[[ DATA SUPPLIED, beginning ]]
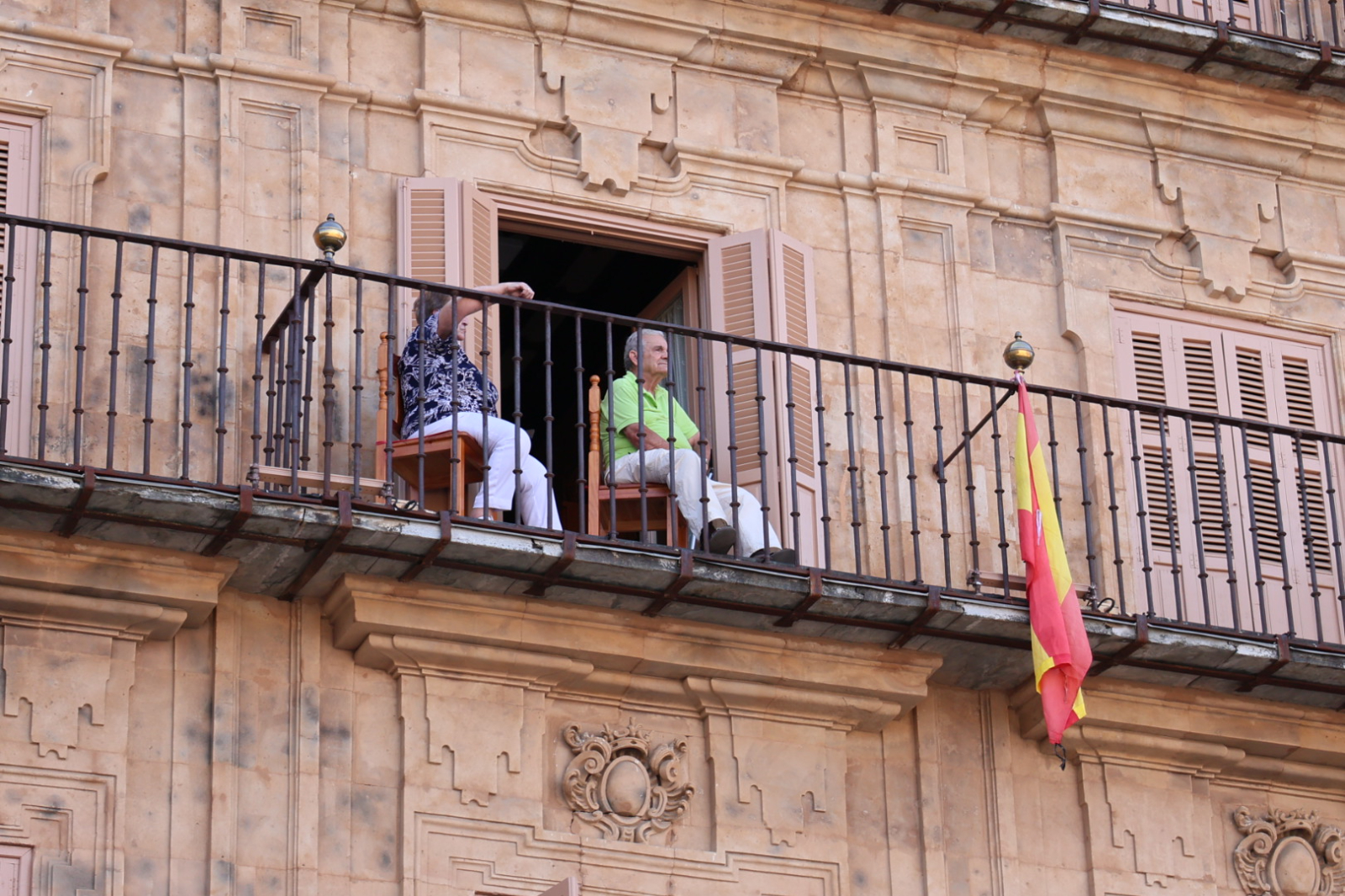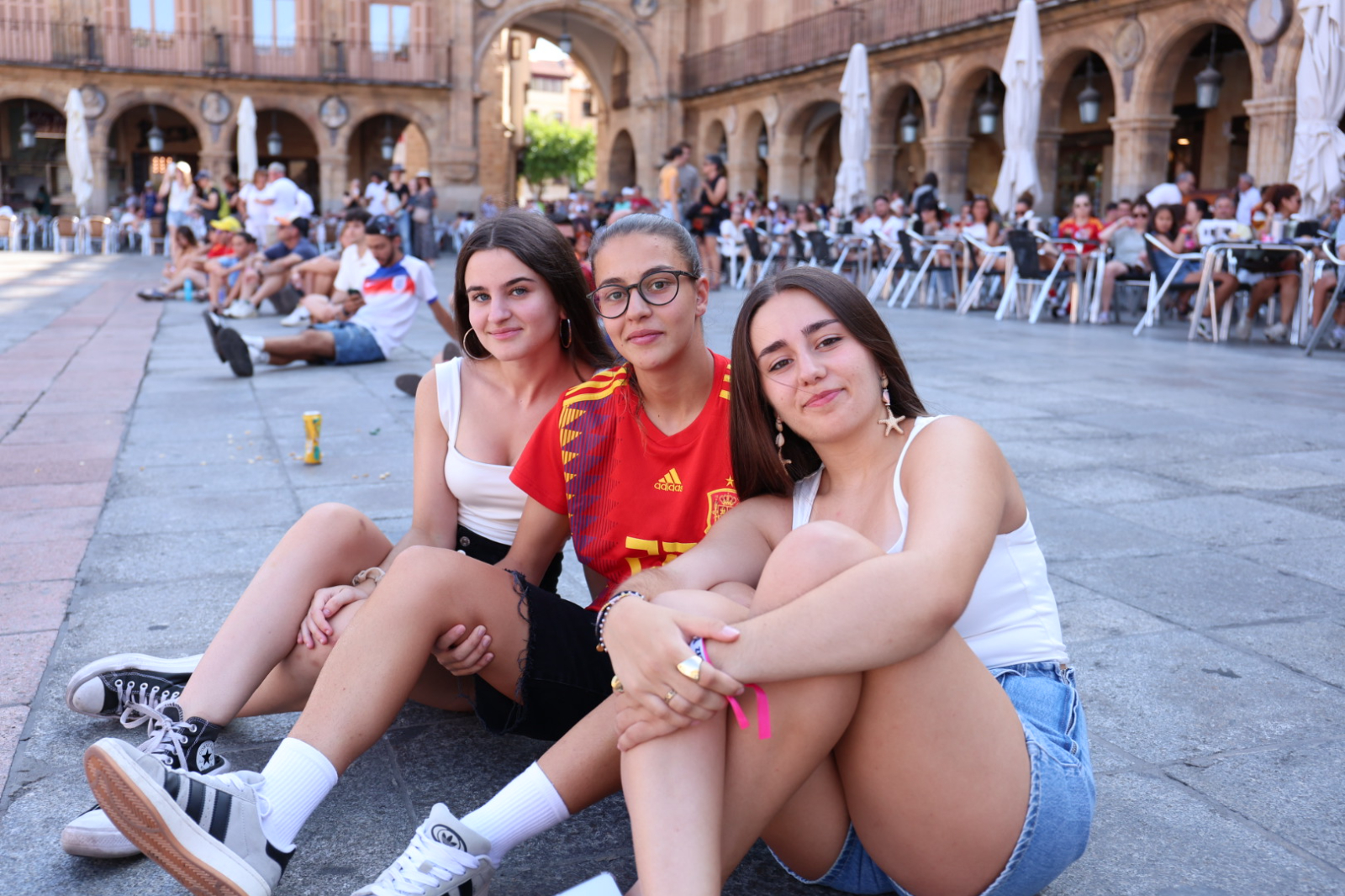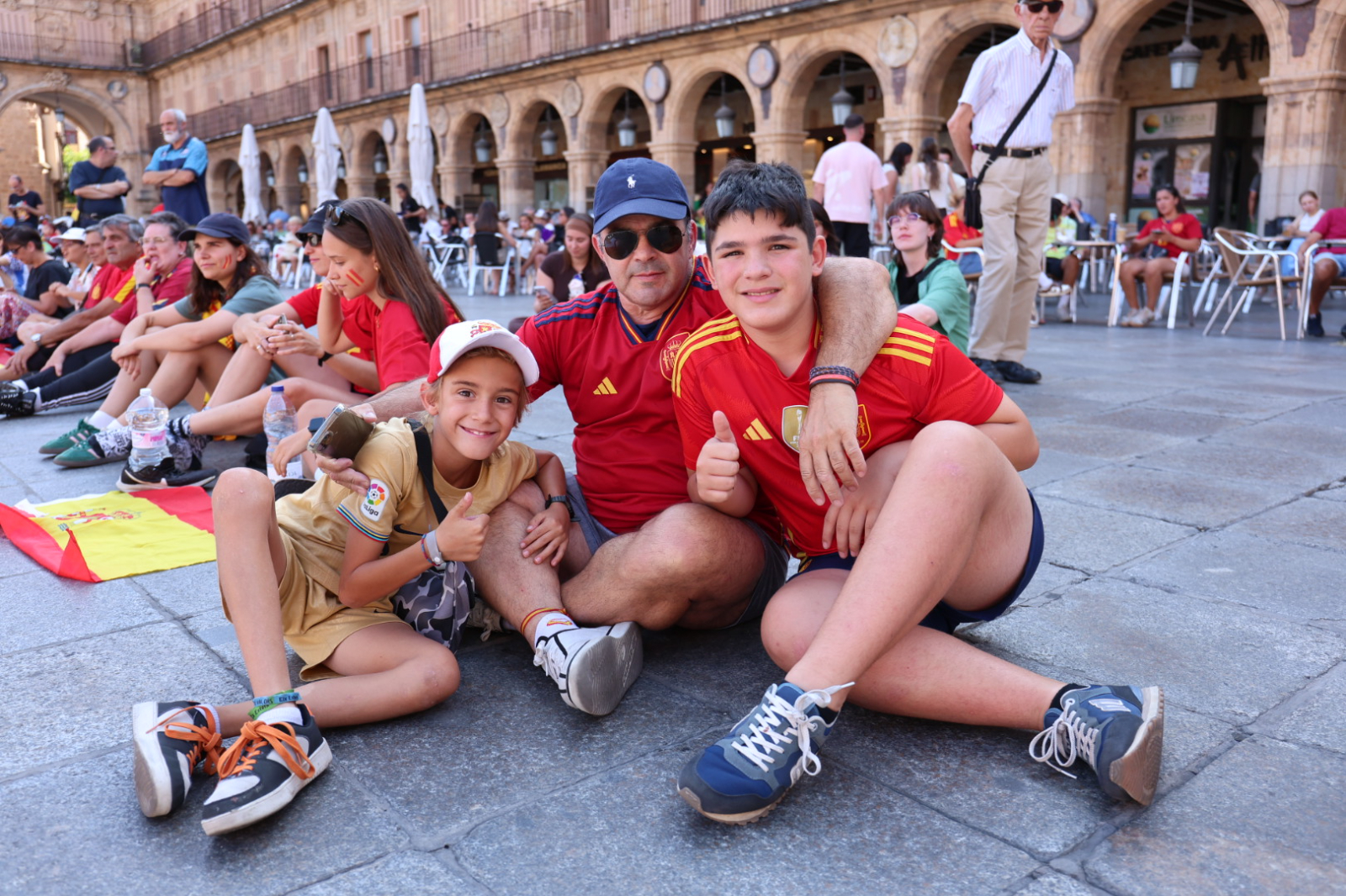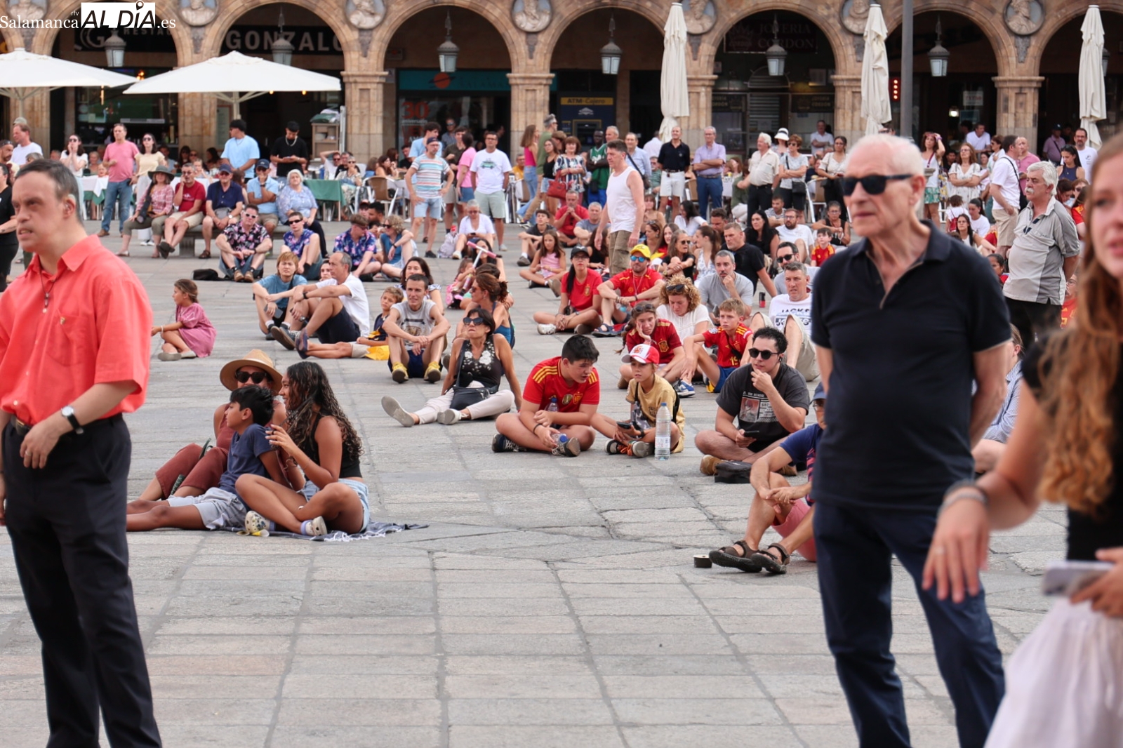 Ataviados con camisetas y bufandas de 'La Roja', los salmantinos y salmantinas buscaron refugio en las sombras existentes en la Plaza Mayor, aunque algunos de ellos desafiaron al sol para estar más cerca de la pantalla gigante que instaló el Ayuntamiento de Salamanca.
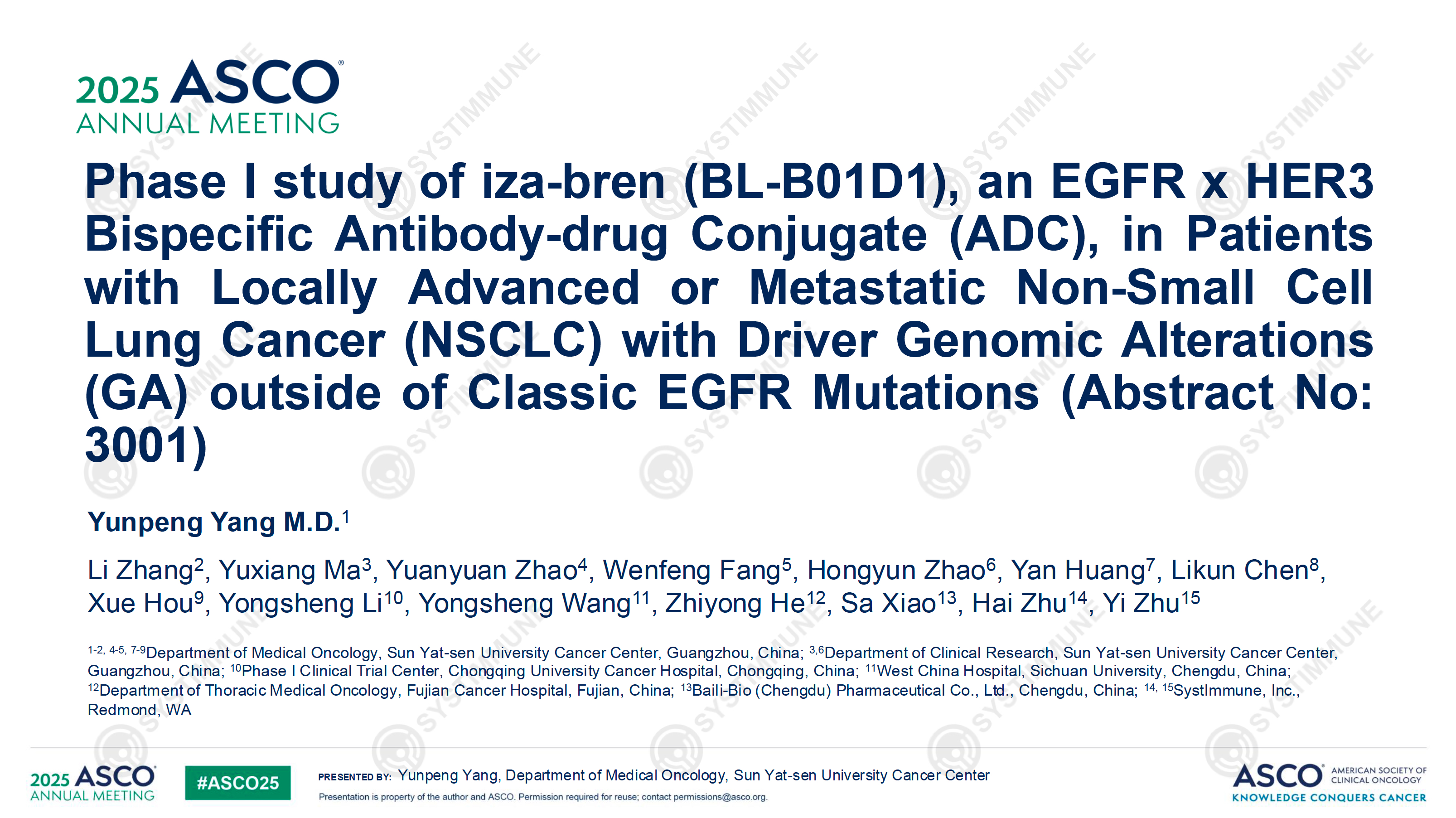 Phase I study of iza-bren (BL-B01D1), an EGFR x HER3 Bispecific Antibody-drug Conjugate (ADC), in Patients with Locally Advanced or Metastatic Non-Small Cell Lung Cancer (NSCLC) with Driver Genomic Alterations (GA) outside of Classic EGFR Mutations
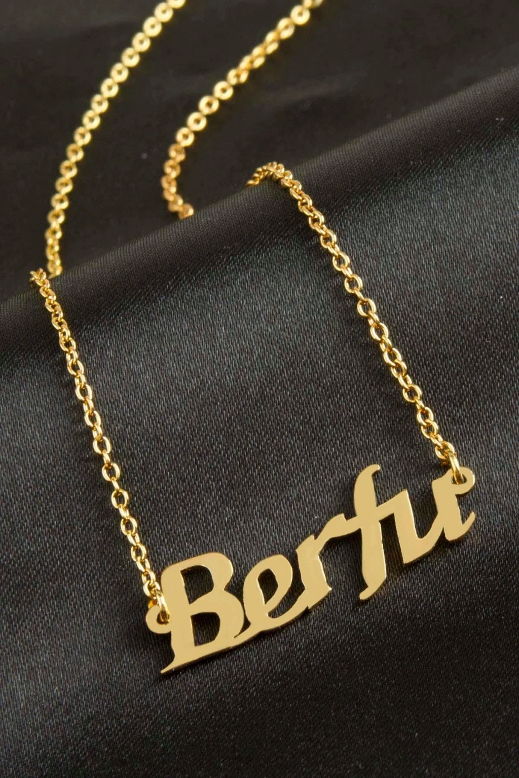 Berfu isimli kolye. İsimli kolye pirinç madeninden ve altın kaplamalıdır. Kişiye özel üretilmektedir.Yazdırmak istediğiniz ismi bize mesaj olarak iletmeniz gerekmektedir. Kullanıma bağlı olarak uzun süre kullanıma uygundur. Ürün malzemesi 1.sınıf kalitededir. Ürün ve zinciri sarı renktedir. Ürün zincir boyu 45 cm ve ürün üzerindeki isimler yaklaşık 3 cmdir. İsim boyları ürün ismine göre degişiklik göstermektedir.
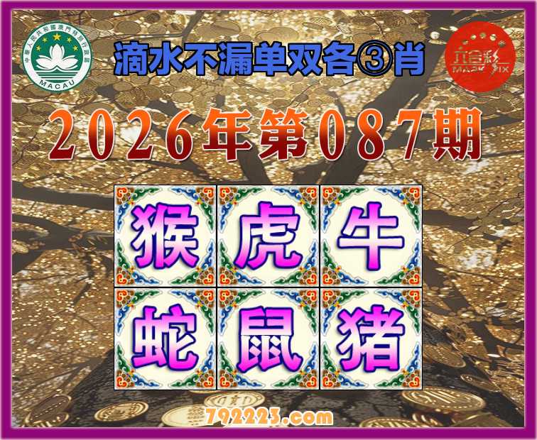 087期: 滴水不漏 🧩单双各③肖🧩【猴.虎.牛..鼠.猪】开:蛇26
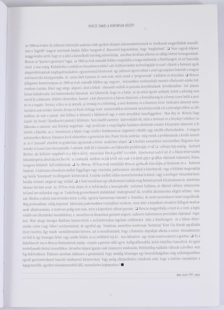 Hencze Tamás: Festmények / Paintings. 1963-1997. Hencze Tamás festőművész retrospektív kiállítása. Szerk.: Kozák Csaba, Pócs Péter, Sík Csaba. Bp., 1997, Műcsarnok. Gazdag képanyaggal illusztrálva. Magyar és angol nyelven. Kiadói papírkötés, a borítón benyomódással, gyűrődéssel.
[[ DATA SUPPLIED, end ]]
== WHAT YOU WILL DO ==
What you return should be only the lines from the line with "Berfu isimli kolye." through the last line of the listing above, exactly, both ends included, pictures excluded.

== RESULT OF THE TASK ==
 Berfu isimli kolye. İsimli kolye pirinç madeninden ve altın kaplamalıdır. Kişiye özel üretilmektedir.Yazdırmak istediğiniz ismi bize mesaj olarak iletmeniz gerekmektedir. Kullanıma bağlı olarak uzun süre kullanıma uygundur. Ürün malzemesi 1.sınıf kalitededir. Ürün ve zinciri sarı renktedir. Ürün zincir boyu 45 cm ve ürün üzerindeki isimler yaklaşık 3 cmdir. İsim boyları ürün ismine göre degişiklik göstermektedir.
 087期: 滴水不漏 🧩单双各③肖🧩【猴.虎.牛..鼠.猪】开:蛇26
 Hencze Tamás: Festmények / Paintings. 1963-1997. Hencze Tamás festőművész retrospektív kiállítása. Szerk.: Kozák Csaba, Pócs Péter, Sík Csaba. Bp., 1997, Műcsarnok. Gazdag képanyaggal illusztrálva. Magyar és angol nyelven. Kiadói papírkötés, a borítón benyomódással, gyűrődéssel.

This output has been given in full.